Recovery. I feel like the last three days were the calm after the storm sorta speak. I need to learn how to keep a steady pace despite the up's and down's of life. That is the tricky part for me. Honestly I think that comes with maturity in ones faith. It's a tough thing relinquishing control of your life, trusting God. I am ruled by my emotions. And my emotions produce stress & anxiety. My coping mechanisms for dealing with that stress & anxiety is eating carbohydrates. It's a vicious cycle. And once again I hold the keys to releasing myself from this bondage...and I withhold. I choose fear. Doubt. Self sabotage. We are strange creatures, us humans, always making it harder.
I haven't been entirely off my game over the past three days, however I wouldn't say I was entirely on my game either. I feel like I had the wind in my sails there for a good stretch and suddenly the gale tapered off. Stagnant. Stationary. I wait in vain for wind, ultimately I know I need to create it for myself. And maybe, just maybe stop allowing other people to snuff it out. Another reminder I am not letting God steer my craft.

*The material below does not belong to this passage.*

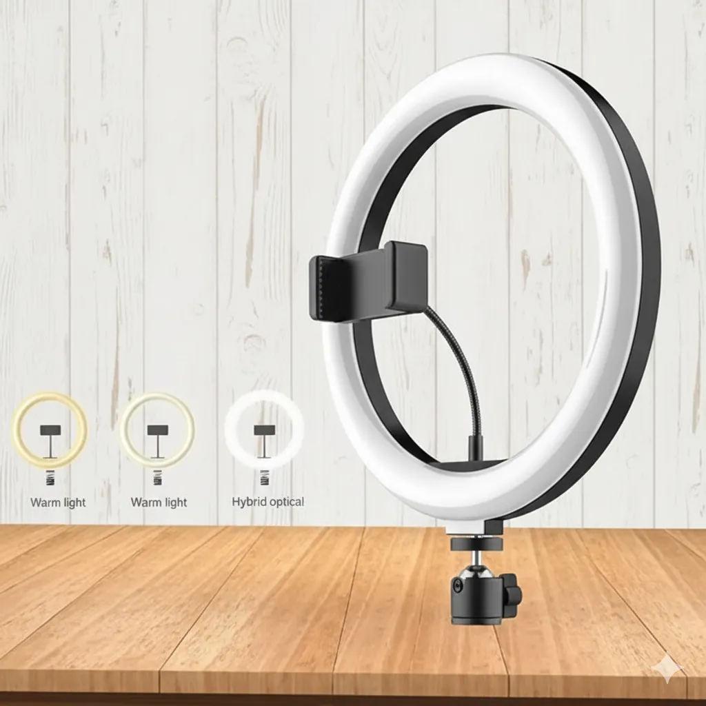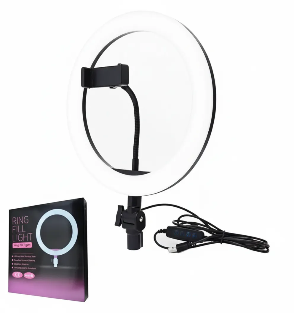 The 26cm LED ring light is a versatile lighting solution designed to enhance your photos and videos. It emits a soft, flattering light that minimizes shadows and imperfections, making it ideal for makeup tutorials, portrait photography, video calls, and live streaming. Typically powered via USB, it can be easily connected to a computer, laptop, power bank, or wall adapter. Many models offer adjustable brightness levels, allowing you to customize the lighting to your specific needs. Its lightweight and portable design make it easy to set up and transport.

There are things swirling around me that I can't fix. But they trouble me. Things I know I need to hand over to the Lord. Things that hurt. That hinder. Trust Him. He will work all things for your good. Why do cling so tightly to the mess?

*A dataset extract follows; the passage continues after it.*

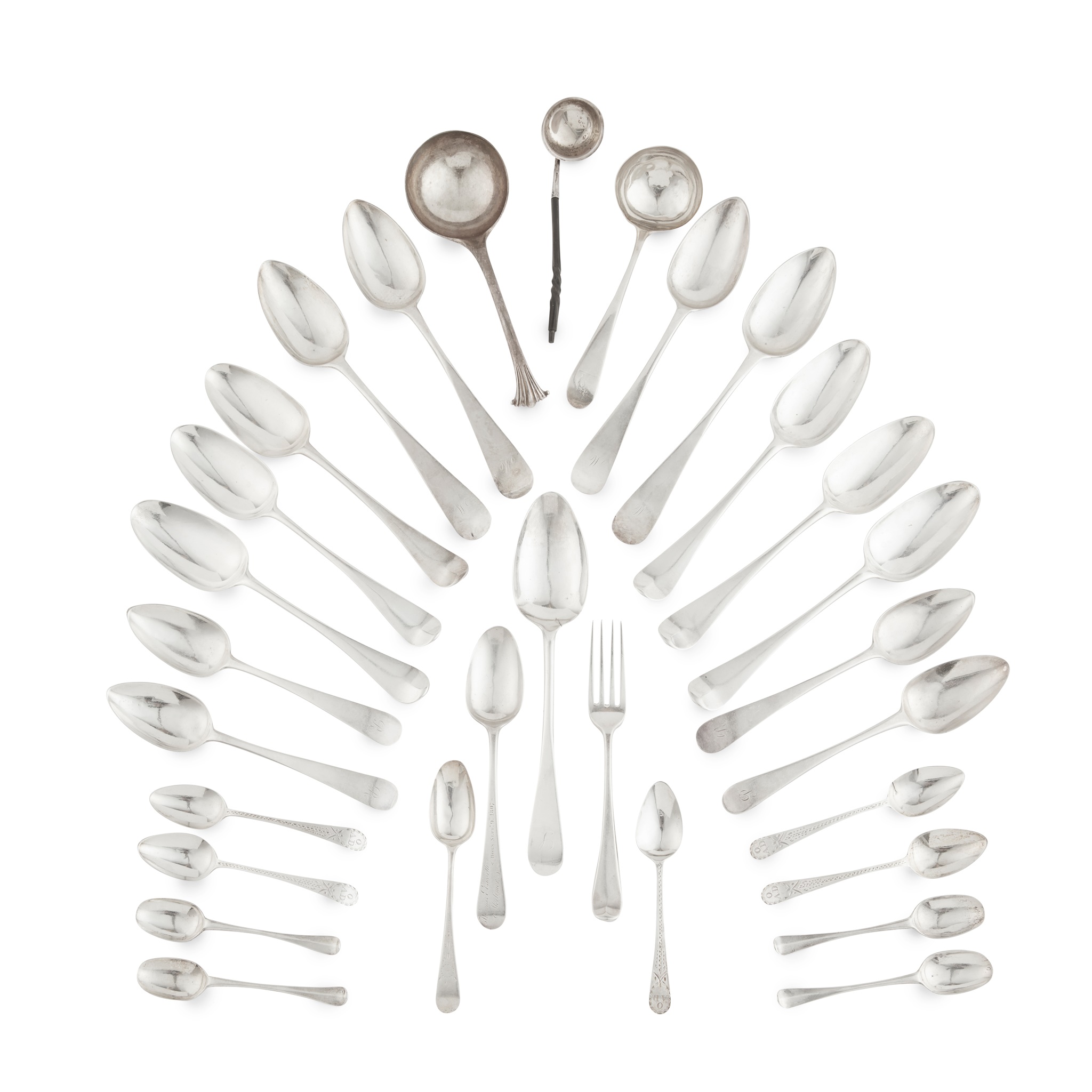 Charles Jamieson, marked CJ, INS, camel, *, of Old English pattern, with initials engraved to the terminal; together with a set of three Glasgow provincial tablespoons, Milne & Campbell, with initials engraved to terminal and another Edinburgh example; together with a matched set of six George II tablespoons of Hanoverian pattern; with various other flatware including punch ladles, teaspoons, dessert spoons and a fork

There are so many things to be grateful for. Healthy children. A loving husband. Cute goats. A home to raise our family in. A job to provide. Swans returning to an open lakefront. Sand hill cranes nesting in the marsh. Green grass. Buds on the trees. Friendships that enfold a weary soul. A heartbeat. God is good. All the time.
I know that the anniversary of my mom's death looms overhead. And I know that despite my joy for her admittance into heaven, the daily reminders of where we were this time last year still sting. I have waded in and out of this grief often over the past year, and I can recognize when it grabs hold and tugs me deeper. Life moves on. So must we. It's hard not to feel like the time that passes pushes her further and further from my grasp. I forget in my sorrow, that I am actually walking towards her. That where she is, is my destination. Life muddles and distracts us from that so often. Home. Heaven.
Fixate on the good. Let go of the bad.
I'm ready for long warm summer days, no school, no routines or bedtimes. Snuggling in sleeping bags. All our clothes smelling like campfire. Hiking up mountains just to revel at the views. Planting flowers. Swimming in cool waters. Sand between my toes. I have a couple weeks before that can be my reality. So I need to be patient and use this in-between to help the kids finish out the school year strong. Get the yard chores accomplished. The spring cleaning done. Find contentment in the frozen layers just under the surface, the muddy mess on top. The arctic breeze that requires coats & hats. Wait. Anticipate. Hope for those days to come. But live in the now. Find a reason to push through and be grateful.
I can already feel a gentle breeze in motion, tomorrow I will sail.